May 8 (Bloomberg) -- Halfords Group Plc, the U.K.’s biggest seller of bicycles, rose to the highest in two years after JPMorgan predicted the stock will gain as the retailer improves service and wins market share in biking gear and repairs.
Halfords, which also operates car service centers across the U.K. and Ireland, will boost revenue “through a halo effect of better service, wider product range and a stronger multi-channel offering,” Georgina Johanan, an analyst at JPMorgan, said today in a note. She raised her recommendation to overweight from underweight, and predicted the stock will gain about 10 percent in 12 months from yesterday’s closing price.

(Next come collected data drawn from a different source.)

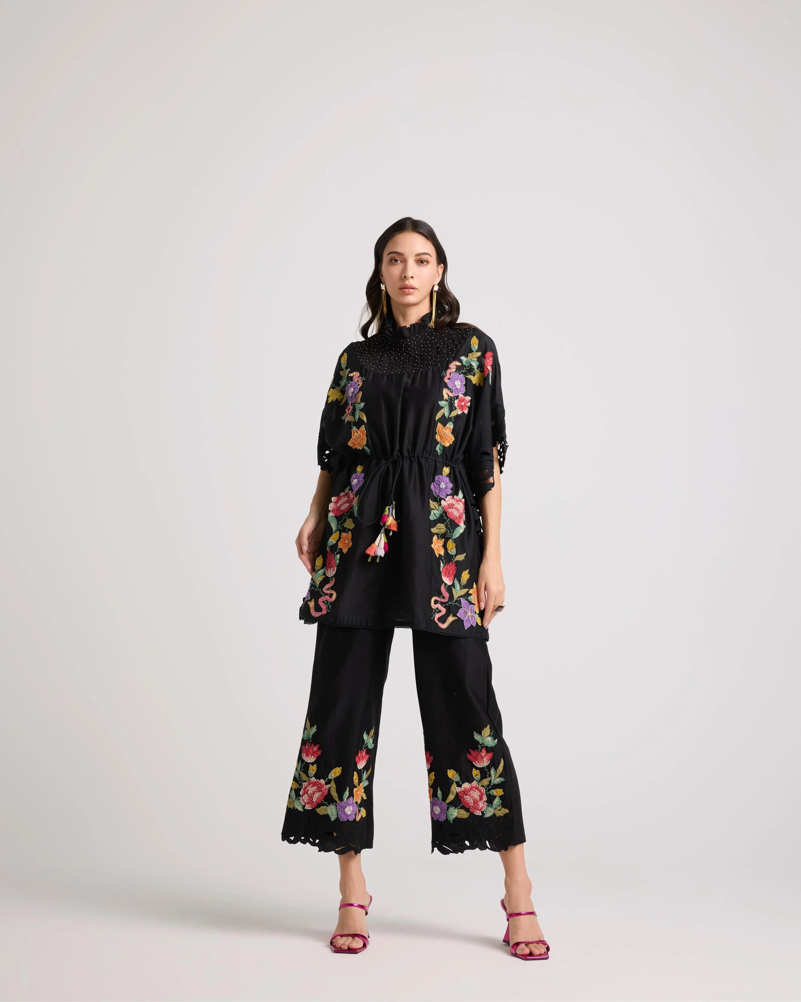 Black Floral Embroidered Flared Pants
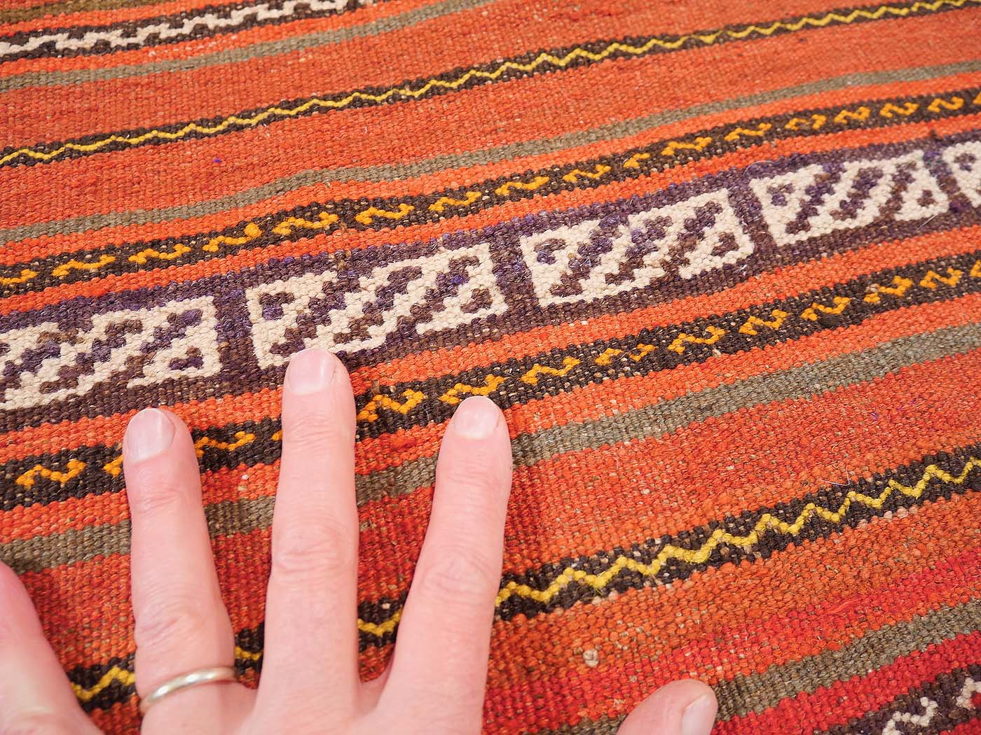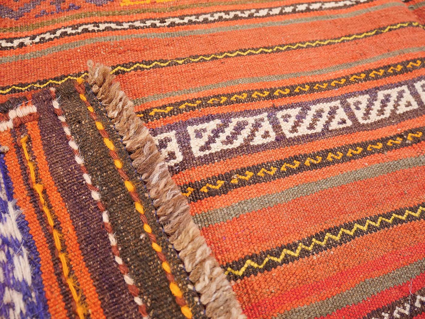 Ce tapis kilim vintage fait main est tissé à plat selon une technique de tapisserie et entièrement composé de laine. Il a au moins 50 ans. Les tapis kilim font partie de mes préférés, car je suis attiré par leurs motifs archaïques qui ont peu évolué au fil des siècles. Un véritable tapis kilim tribal, authentique et magnifique !
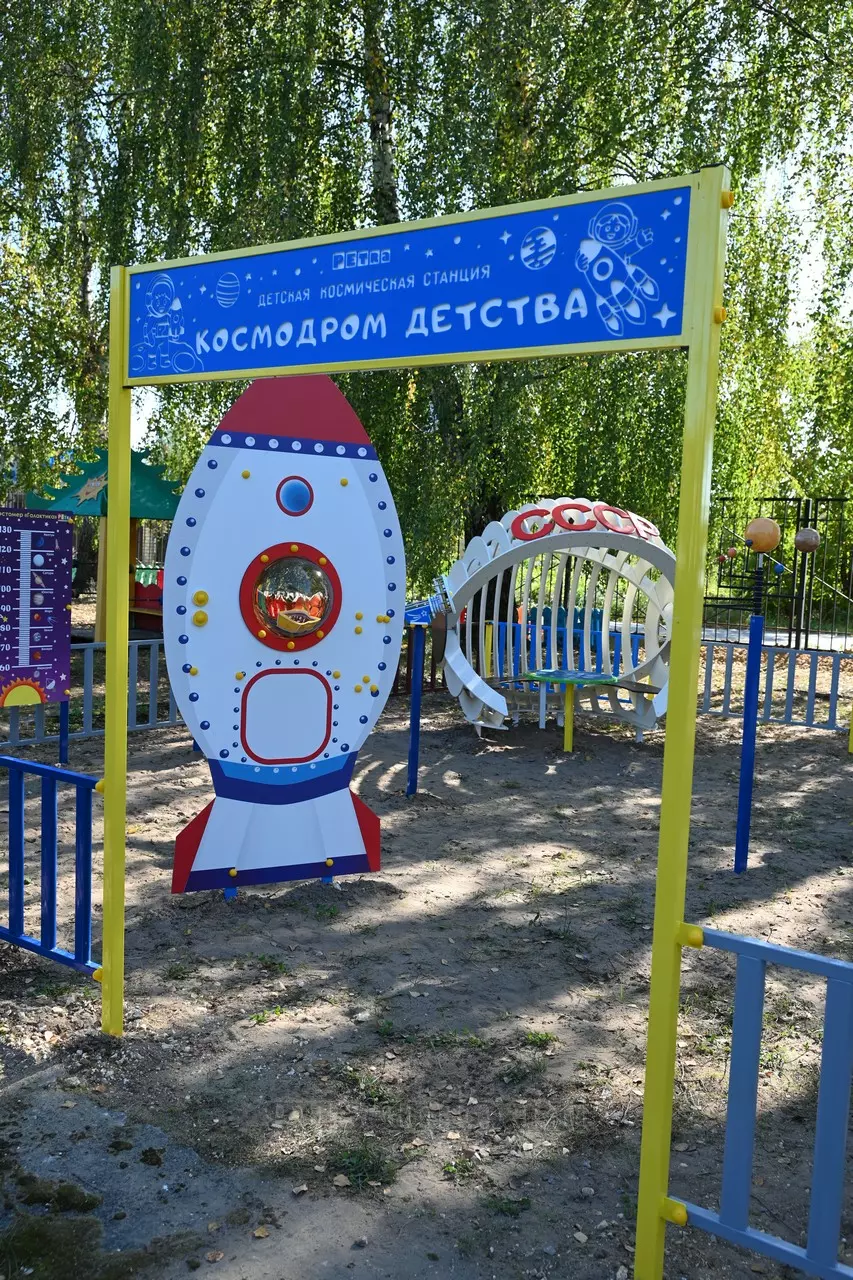 На «Космодроме детства» есть летающая тарелка, которая будоражит воображение и зовет воспитанников в неизведанные галактики, а также вместительный луноход, вызывающий неподдельный интерес у подрастающего поколения.
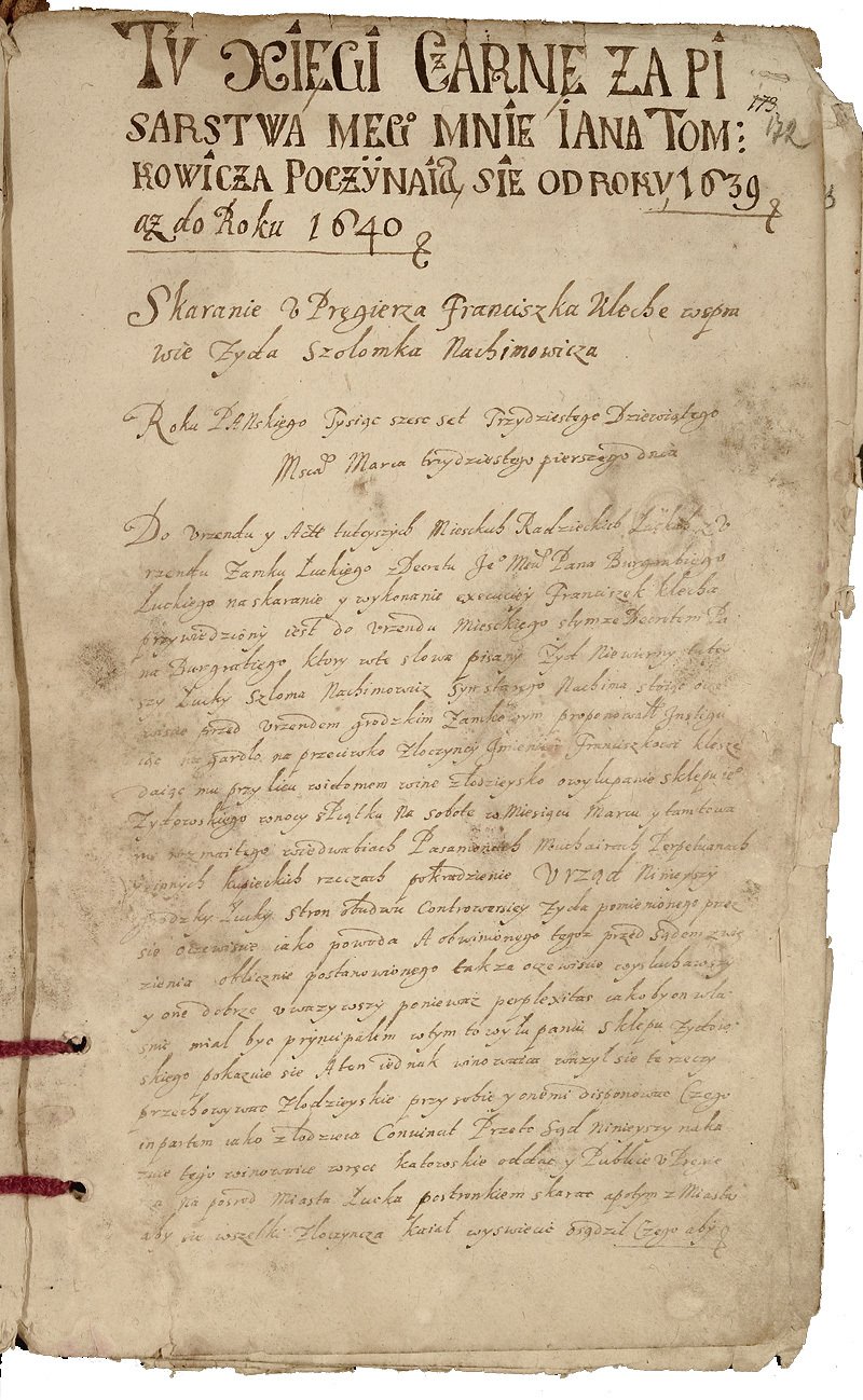 Аркуш із міської актової книги Луцька за 1638-1640 роки, яку писав Ян Томкович

The stock jumped 4.5 percent to 385.7 pence, the highest closing price since June 2011 in London. Halfords, based in Redditch, England, hasn’t declined since April 19 and leads gains among the 14 companies in the FTSE 350 General Retailers Index over the past month, with an advance of 24 percent.
Halfords in October appointed Matthew Davies, formerly the leader of the Pets At Home chain, to be chief executive officer, and said it would improve service and add more cycling parts online. “High-quality management should drive increasing enthusiasm,” JPMorgan’s Johanan said.
Davies said April 10 that Halfords sees a “huge” opportunity to boost the auto center business, for which it intends to open 20 to 30 new outlets a year. The repair portion of the business benefited from last year’s cold weather, which improved car maintenance sales in the fiscal fourth quarter and hurt cycling revenue, Davies said.
Halfords is scheduled to report full-year earnings on May 23.
Of 21 analysts who report their recommendations to Bloomberg, eight advise buying the shares, while seven have a hold rating and six advocate selling. Johanan’s target price of 405 pence compares with the average from 14 analysts of 363.6 pence.